A new AI planning method runs without LLM calls on common tasks — but not all of them
Classical search plus a three layer world model (symbolic matching, statistical lookup, and LLM fallback) can match LLM based agent planning accuracy at lower cost
Classical search plus a three layer world model (symbolic matching, statistical lookup, and LLM fallback) can match LLM based agent planning accuracy at lower cost
Today's AI "agents" usually work the same way: a large language model gets prompted, returns text, and gets prompted again. The result is software that costs real money per action and behaves differently every time it runs.
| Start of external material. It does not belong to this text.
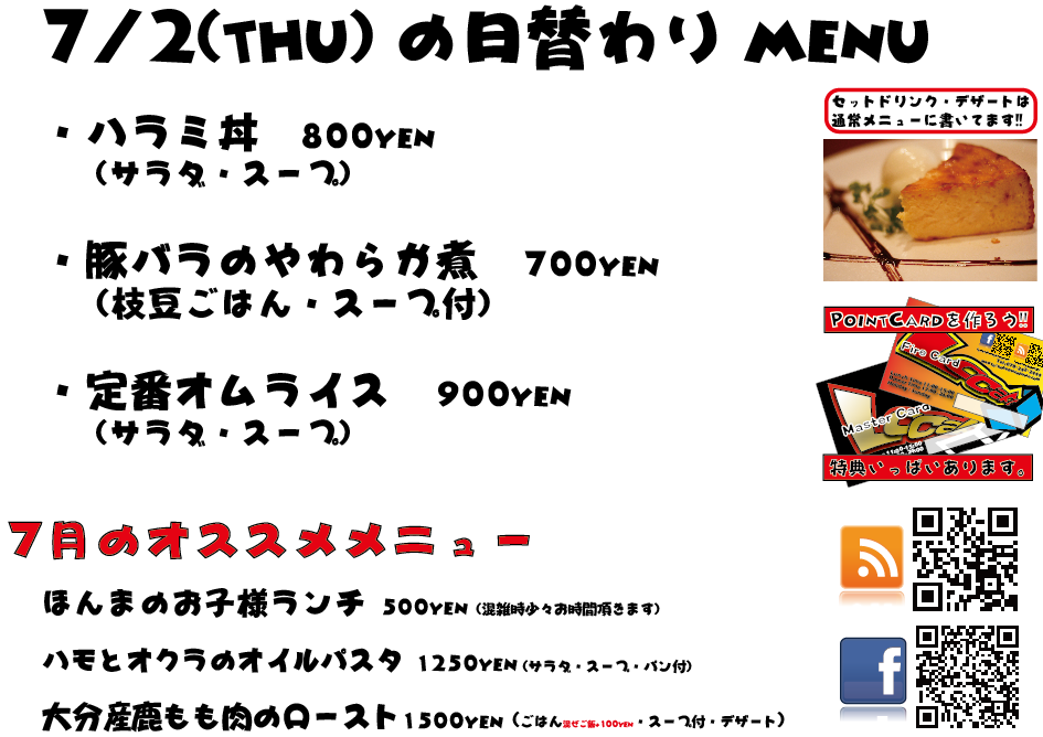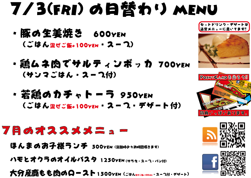 JUGEMテーマ:神戸・西宮・芦屋などの阪神間 こんばんは! 明日から7月でございますね〜、てか梅雨はもう明けたのでしょうか...? 今日は夕方から雨でしたが、梅雨っぽくないと言いますか...え?って感じですねw まぁ、降らない方が当店としてはありがたいので、いいんですが instagramではUPしましたが、先日から店内に七夕セットを設置しております。 七夕まで置いております、ぜひ短冊に願いを書いてくださいませ〜^^ それでは明日の日替わりランチもよろしくお願い致しますm(._.)m

A new arXiv preprint called GATS argues that this is a design choice the field made, not a law of agent design. The paper, "Graph-Augmented Tree Search with Layered World Models for Efficient Agent Planning," swaps the per-step language-model call for classical search over a structured world model. On a self-curated 12-scenario stress test covering coding workflows, web navigation, and long-horizon tasks, GATS reports finishing every scenario, against 88.9% for the prior tree-search method LATS and 23.9% for the older ReAct baseline.
The mechanism is a three-layer world model. The first layer, L1, checks for an exact symbolic match between the agent's current state and a known action. The second layer, L2, pulls statistics from execution logs to estimate how a partly-seen action is likely to behave. The third layer, L3, is the only place a large language model appears: it predicts outcomes for actions nothing in L1 or L2 recognizes. A UCB1 tree search, a classical upper-confidence-bound algorithm, walks this model step by step, picking the branch most likely to lead to a goal.
On synthetic planning tasks with branching paths and dead-ends, GATS reports 100% success against 92% for LATS and 64% for ReAct. Across the same 12-scenario stress test, it reports 100% versus 88.9% and 23.9%. GATS requires zero LLM calls per task during planning, where LATS averages 37.
GATS plans are also deterministic. The same input produces the same plan on every run, which makes the system easier to test and debug than a stochastic LLM agent.
The evaluation is a synthetic planning suite plus a 12-scenario stress test the authors built themselves. The paper is an arXiv preprint, not a peer-reviewed publication. The "zero LLM calls" claim is conditional: GATS's L3 layer still leans on a language model to predict outcomes for actions it has not seen before. The planning loop runs without an LLM in the common case, not in principle. Authors and affiliations are not visible in the abstract excerpt, and broader third-party or production deployment evidence is not part of the source.
GATS demonstrates that for tasks where the world can be described as a graph of states and actions, classical search plus a layered model can plan deterministically and cheaply at the same accuracy as LLM-based methods. Whether the rest of the agent stack can follow the same pattern is the open question. The parts that touch real software, real browsers, and real APIs are next.